In its decision of September 21, 2022 (docket no. 4 HKO 655/21), the Nuremberg-Fürth Regional Court ruled that the statutory exemption from the general consent requirement for email marketing in section 7(3) of the German Act against Unfair Commercial Practices (UWG) – which may be available where a business relationship exists between the sender and the recipient of the marketing email and similar products are being advertised – does not apply if the only order establishing the business relationship has been cancelled. Furthermore, the court held that there was no similarity between the FFP3 masks originally ordered and the protective products subsequently advertised (helmets, hearing protection, safety shoes).
Conclusion: German courts tend to interpret the statutory exemption in section 7(3) UWG narrowly. In the vast majority of cases, direct marketing by email is only possible with the recipient’s prior consent.
10. German supervisory authorities: effects of the new consumer provisions on digital products in the German Civil Code on data protection law
by Joana Becker
In October 2022, the German supervisory authorities (DSK) published a new resolution on the impact of the new consumer regulations on digital products in the German Civil Code (BGB) on data protection law.

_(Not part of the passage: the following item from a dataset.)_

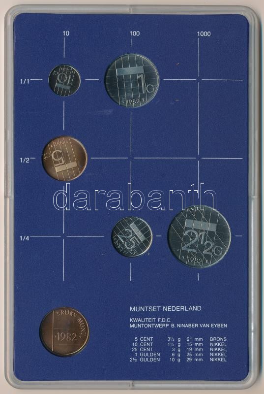 Hollandia 1982. 5c-2 1/2G (5xklf) + "Utrechti Verde" zseton plasztiktokos szettben T:1 Netherlands 1982. 5 Cents - 2 1/2 Gulden (5xdiff) + "Utrecht Mint" jeton in plastic case C:UNC

In its resolution, the DSK addresses in particular the “pay with data” model that has already been practiced for a long time by platforms, social media, and search engines. The new provisions of the BGB are only applicable if a contract for digital products has actually been concluded. According to the DSK, not every use of a website can be seen as the conclusion of such a contract. If the new consumer regulations can be applied, however, they do not affect the provisions of the GDPR.
Conclusion: In practice, it must be carefully examined whether the new regulations apply at all. In any case, the applicability of the new provisions does not replace the examination of the lawfulness of data processing under the GDPR.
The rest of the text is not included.